- _YOUR ASSIGNMENT_:
Repeat the whole listing word for word, skipping pictures.

- _GIVEN MATERIAL_:
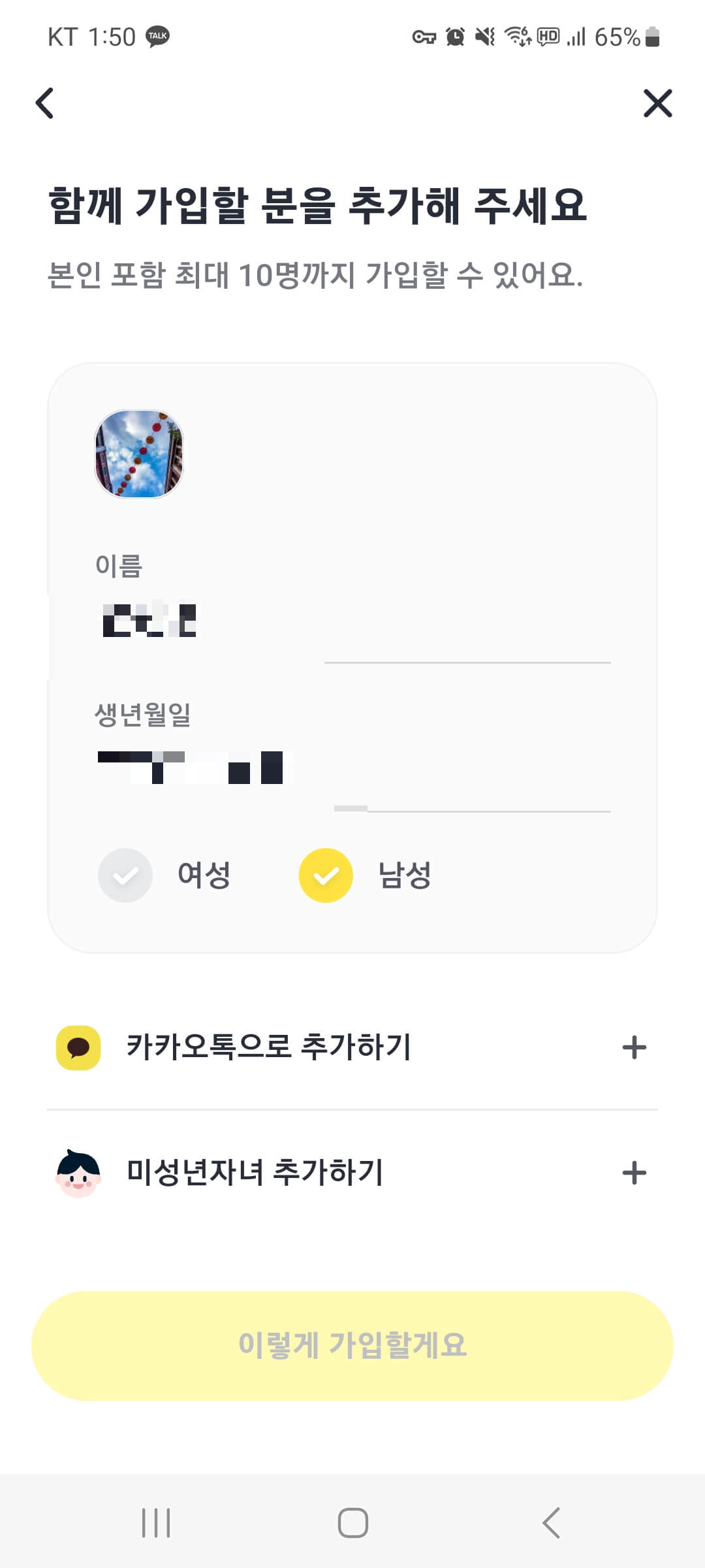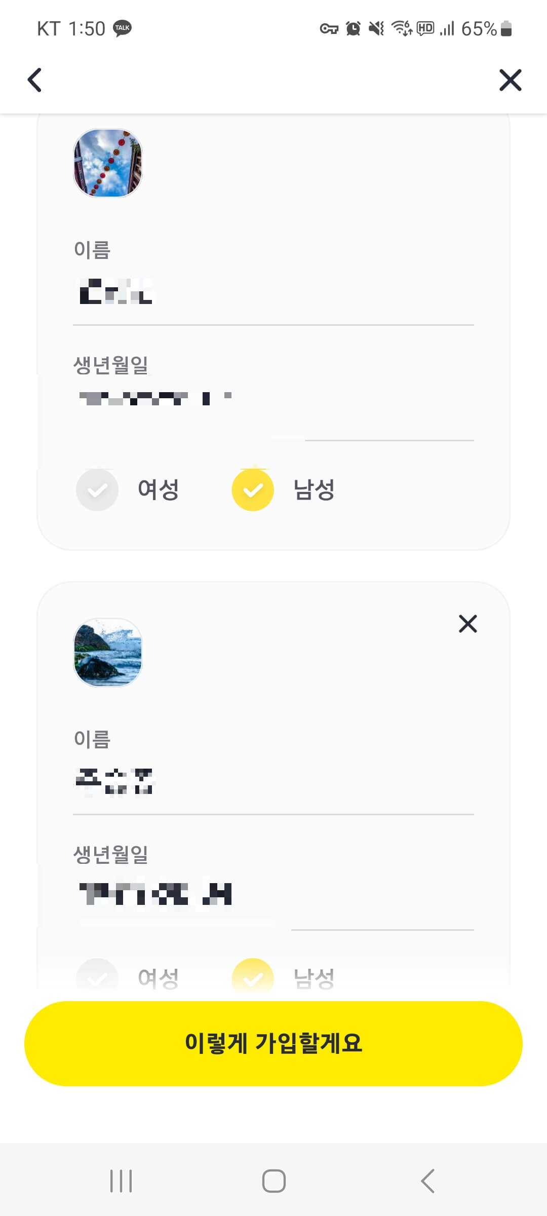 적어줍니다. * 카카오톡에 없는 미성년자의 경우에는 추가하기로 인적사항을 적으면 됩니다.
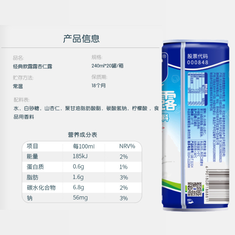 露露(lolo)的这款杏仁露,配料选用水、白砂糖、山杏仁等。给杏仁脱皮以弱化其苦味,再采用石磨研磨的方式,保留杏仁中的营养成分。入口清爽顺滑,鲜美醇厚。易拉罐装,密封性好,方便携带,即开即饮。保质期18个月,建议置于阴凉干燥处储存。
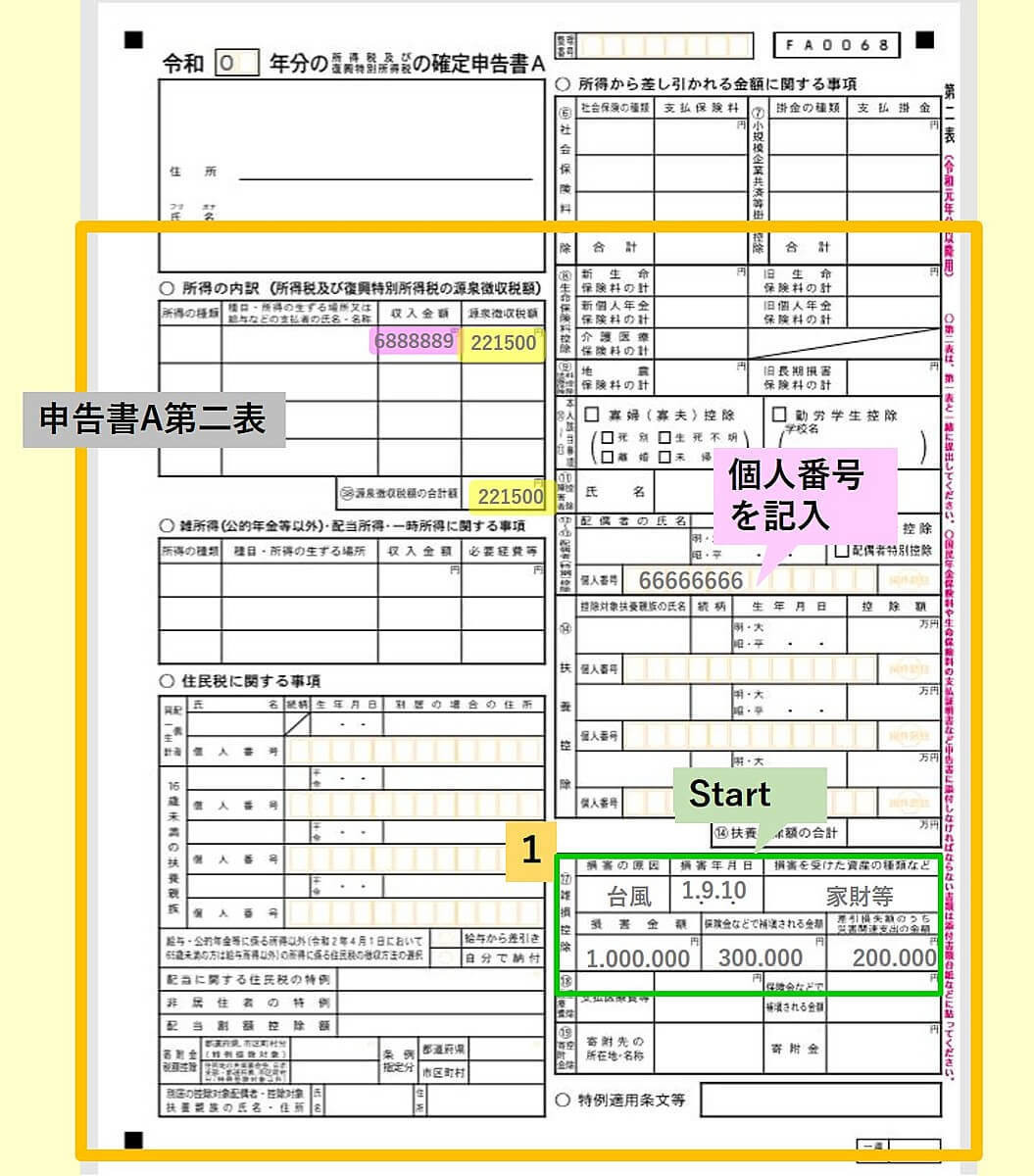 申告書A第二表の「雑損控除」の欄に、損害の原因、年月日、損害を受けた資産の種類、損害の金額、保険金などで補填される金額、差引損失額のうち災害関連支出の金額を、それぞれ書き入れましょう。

- _TASK SOLUTION_:
 적어줍니다. * 카카오톡에 없는 미성년자의 경우에는 추가하기로 인적사항을 적으면 됩니다.
 露露(lolo)的这款杏仁露,配料选用水、白砂糖、山杏仁等。给杏仁脱皮以弱化其苦味,再采用石磨研磨的方式,保留杏仁中的营养成分。入口清爽顺滑,鲜美醇厚。易拉罐装,密封性好,方便携带,即开即饮。保质期18个月,建议置于阴凉干燥处储存。
 申告書A第二表の「雑損控除」の欄に、損害の原因、年月日、損害を受けた資産の種類、損害の金額、保険金などで補填される金額、差引損失額のうち災害関連支出の金額を、それぞれ書き入れましょう。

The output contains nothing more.